Bernie Sanders, the independent US senator from Vermont, has spoken out against the killing of civilians in the Gaza Strip but has not called for a complete ceasefire, which he said hemay not be possible under Hamas.
“What Israel does not, in my view, have a right to do, is to kill thousands and thousands of innocent men, women and children who had nothing to do with the attack,” he said. “We have to stop the bombing now.”
It’s estimated that over 10,000 people have died in Gaza since the war began. According to UN data, about 1.5 million people have been displaced internally. Food and water in the region remain scarce.
The war began after Hamas launched a series of surprise attacks in Israeli towns, communities and at the Nova music festival, resulting in the deaths of about 1,300 people. Gilad Erdan, Israel’s Ambassador to the UN, referred to the assault as Israel’s “9/11.”
Activists and politicians have called for a ceasefire, citing humanitarian concerns over the deaths of civilians, a violation of the Geneva Convention.

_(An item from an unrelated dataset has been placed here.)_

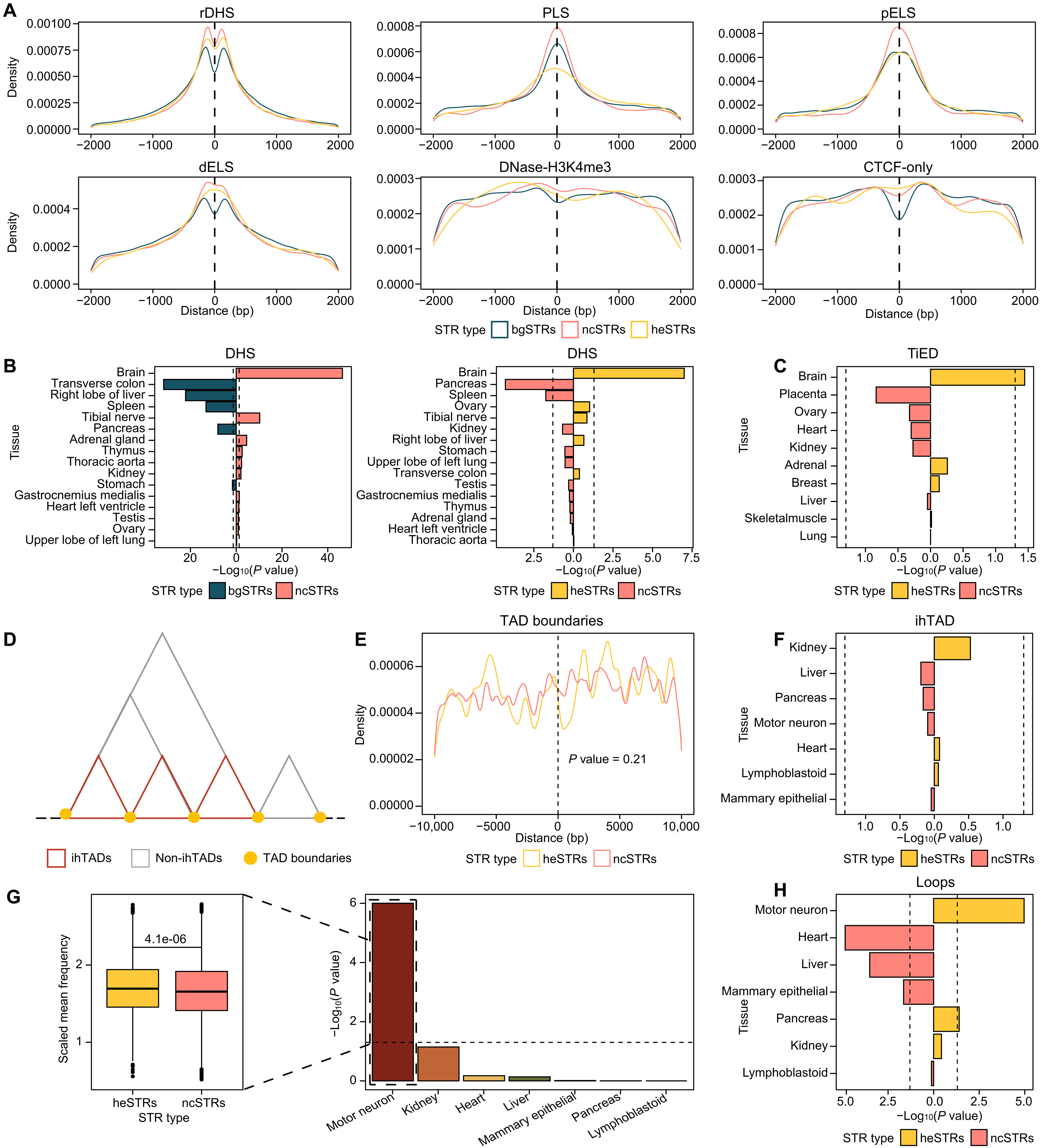 研究发现,heSTRs显著富集于大脑和神经元特异性的调控信号中。与保守型STRs相比,heSTRs与脑特异性DHS(DNase超敏位点)的关联性更强,并且富集在大脑特异的增强子中,提示其在远程调控中发挥重要作用。通过整合3D基因组结构数据,研究进一步发现heSTRs显著富集于神经元特异性的染色质环结构和拓扑关联结构域中。

Mr Sanders said he was unsure how a permanent ceasefire would work when dealing with Hamas, an organisation “dedicated to turmoil and chaos and destroying the state of Israel,” he said.
A majority of Americans currently support a ceasefire, according to a survey conducted by Data for Progress, a think tank.
Mr Sanders’ position is similar to that of President Joe Biden, who has also called for a pause in the bombing, but has stopped short of advocating for a permanent ceasefire.
Mr Sanders said what’s needed now is a two-state solution to the crisis and for “the world to come together to give hope to the Palestinans.”